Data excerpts
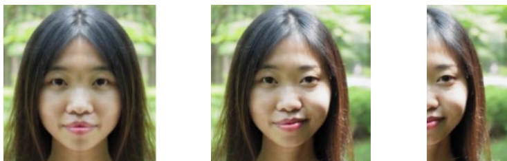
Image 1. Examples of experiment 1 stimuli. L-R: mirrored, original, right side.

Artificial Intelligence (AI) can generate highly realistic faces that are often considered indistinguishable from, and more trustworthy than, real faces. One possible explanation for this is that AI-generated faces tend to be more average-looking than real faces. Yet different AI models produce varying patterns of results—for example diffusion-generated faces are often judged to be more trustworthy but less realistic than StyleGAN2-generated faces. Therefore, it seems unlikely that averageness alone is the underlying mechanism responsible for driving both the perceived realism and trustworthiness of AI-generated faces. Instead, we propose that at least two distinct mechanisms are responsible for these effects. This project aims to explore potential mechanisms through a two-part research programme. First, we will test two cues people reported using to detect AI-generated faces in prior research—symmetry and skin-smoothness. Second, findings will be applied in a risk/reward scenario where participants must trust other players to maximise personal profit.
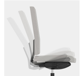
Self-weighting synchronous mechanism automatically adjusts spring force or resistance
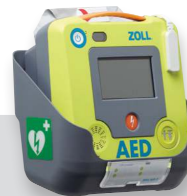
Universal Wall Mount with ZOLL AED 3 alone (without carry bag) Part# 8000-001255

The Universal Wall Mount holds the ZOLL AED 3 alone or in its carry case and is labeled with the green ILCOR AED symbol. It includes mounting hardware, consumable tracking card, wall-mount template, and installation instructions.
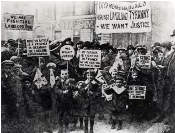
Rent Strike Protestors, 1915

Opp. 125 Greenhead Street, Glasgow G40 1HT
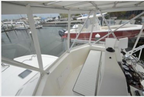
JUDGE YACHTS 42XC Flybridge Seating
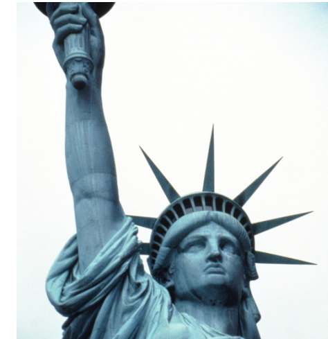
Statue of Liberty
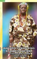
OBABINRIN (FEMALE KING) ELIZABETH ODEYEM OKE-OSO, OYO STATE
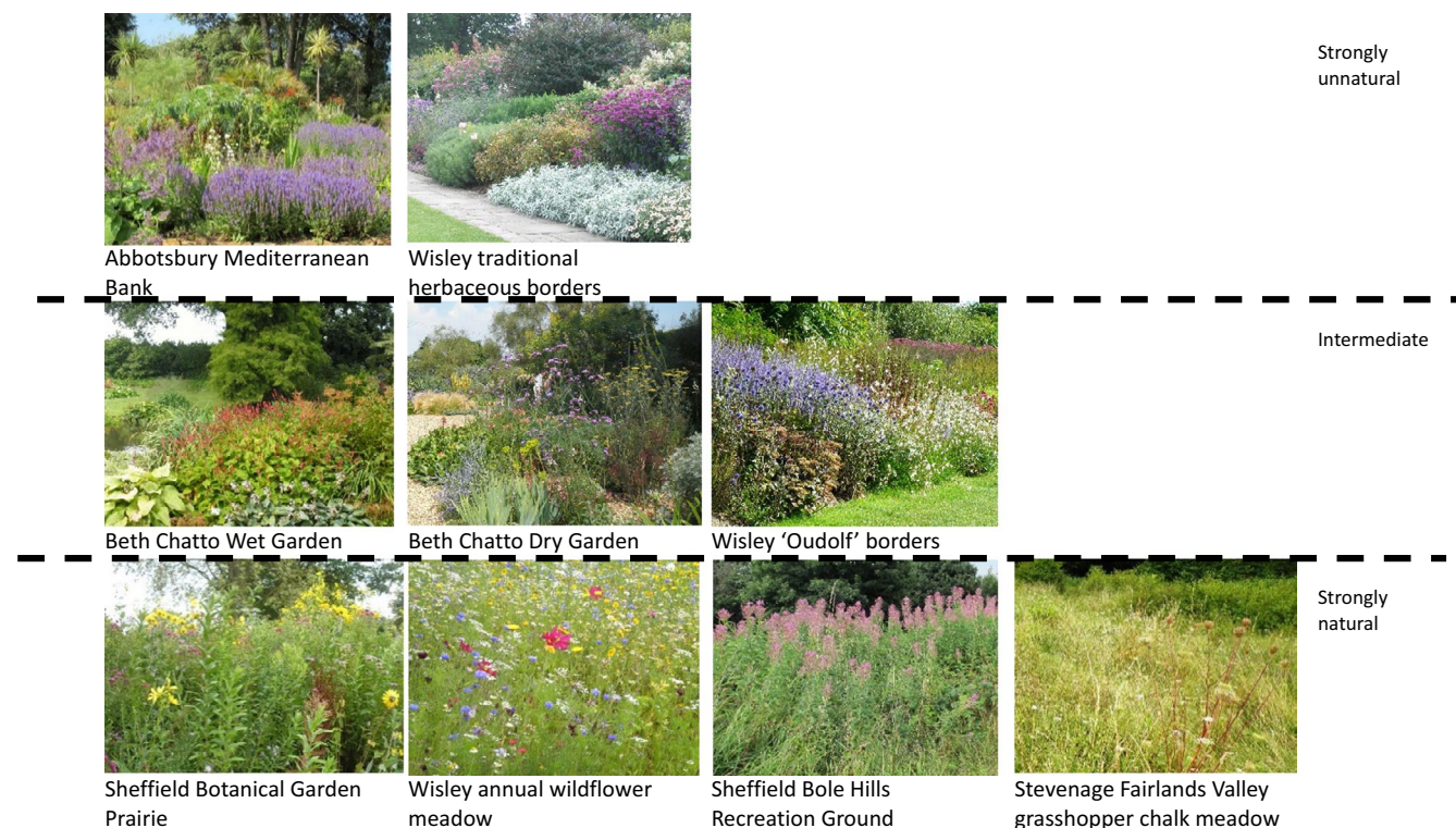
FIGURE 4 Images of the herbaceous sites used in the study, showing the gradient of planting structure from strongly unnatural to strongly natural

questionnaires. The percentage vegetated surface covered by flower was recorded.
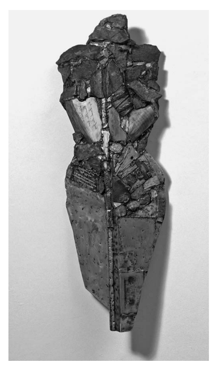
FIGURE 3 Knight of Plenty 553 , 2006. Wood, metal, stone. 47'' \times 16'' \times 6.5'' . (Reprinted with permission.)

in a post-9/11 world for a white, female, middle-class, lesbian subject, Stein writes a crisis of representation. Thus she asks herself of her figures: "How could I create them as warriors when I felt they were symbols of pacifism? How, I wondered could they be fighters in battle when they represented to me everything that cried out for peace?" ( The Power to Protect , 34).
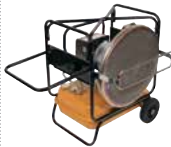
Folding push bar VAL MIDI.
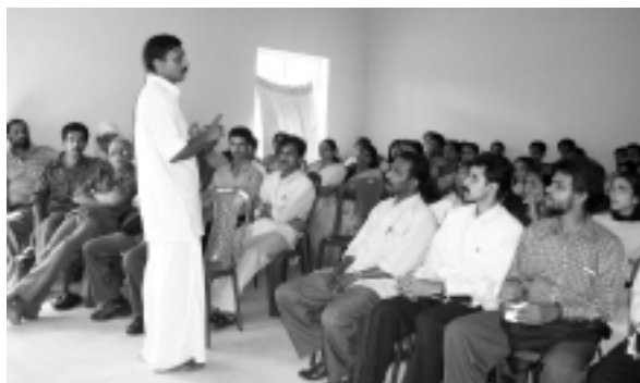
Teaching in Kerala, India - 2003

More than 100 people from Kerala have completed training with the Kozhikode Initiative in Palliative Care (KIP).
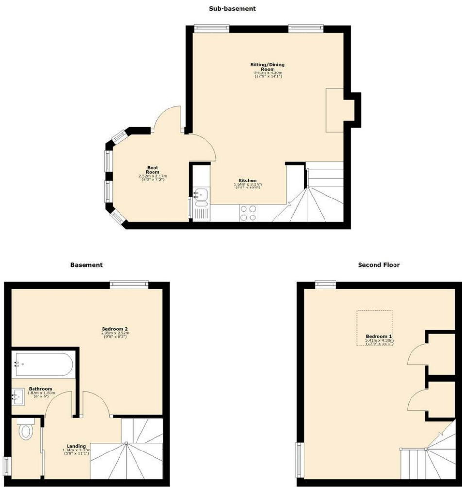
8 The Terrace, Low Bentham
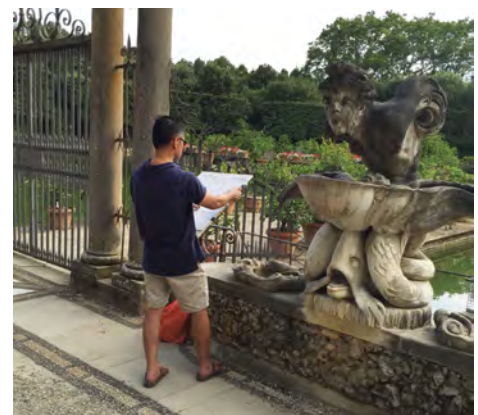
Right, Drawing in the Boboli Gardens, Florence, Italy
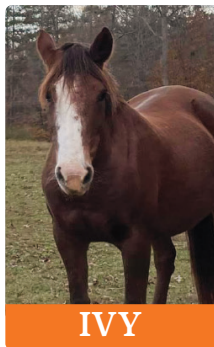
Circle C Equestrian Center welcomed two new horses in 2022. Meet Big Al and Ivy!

* What this task involves *
Drop the images, then copy the data exactly.

* Solution for this task *
Image 1. Examples of experiment 1 stimuli. L-R: mirrored, original, right side.

Artificial Intelligence (AI) can generate highly realistic faces that are often considered indistinguishable from, and more trustworthy than, real faces. One possible explanation for this is that AI-generated faces tend to be more average-looking than real faces. Yet different AI models produce varying patterns of results—for example diffusion-generated faces are often judged to be more trustworthy but less realistic than StyleGAN2-generated faces. Therefore, it seems unlikely that averageness alone is the underlying mechanism responsible for driving both the perceived realism and trustworthiness of AI-generated faces. Instead, we propose that at least two distinct mechanisms are responsible for these effects. This project aims to explore potential mechanisms through a two-part research programme. First, we will test two cues people reported using to detect AI-generated faces in prior research—symmetry and skin-smoothness. Second, findings will be applied in a risk/reward scenario where participants must trust other players to maximise personal profit.
Self-weighting synchronous mechanism automatically adjusts spring force or resistance
Universal Wall Mount with ZOLL AED 3 alone (without carry bag) Part# 8000-001255

The Universal Wall Mount holds the ZOLL AED 3 alone or in its carry case and is labeled with the green ILCOR AED symbol. It includes mounting hardware, consumable tracking card, wall-mount template, and installation instructions.
Rent Strike Protestors, 1915

Opp. 125 Greenhead Street, Glasgow G40 1HT
JUDGE YACHTS 42XC Flybridge Seating
Statue of Liberty
OBABINRIN (FEMALE KING) ELIZABETH ODEYEM OKE-OSO, OYO STATE
FIGURE 4 Images of the herbaceous sites used in the study, showing the gradient of planting structure from strongly unnatural to strongly natural

questionnaires. The percentage vegetated surface covered by flower was recorded.
FIGURE 3 Knight of Plenty 553 , 2006. Wood, metal, stone. 47'' \times 16'' \times 6.5'' . (Reprinted with permission.)

in a post-9/11 world for a white, female, middle-class, lesbian subject, Stein writes a crisis of representation. Thus she asks herself of her figures: "How could I create them as warriors when I felt they were symbols of pacifism? How, I wondered could they be fighters in battle when they represented to me everything that cried out for peace?" ( The Power to Protect , 34).
Folding push bar VAL MIDI.
Teaching in Kerala, India - 2003

More than 100 people from Kerala have completed training with the Kozhikode Initiative in Palliative Care (KIP).
8 The Terrace, Low Bentham
Right, Drawing in the Boboli Gardens, Florence, Italy
Circle C Equestrian Center welcomed two new horses in 2022. Meet Big Al and Ivy!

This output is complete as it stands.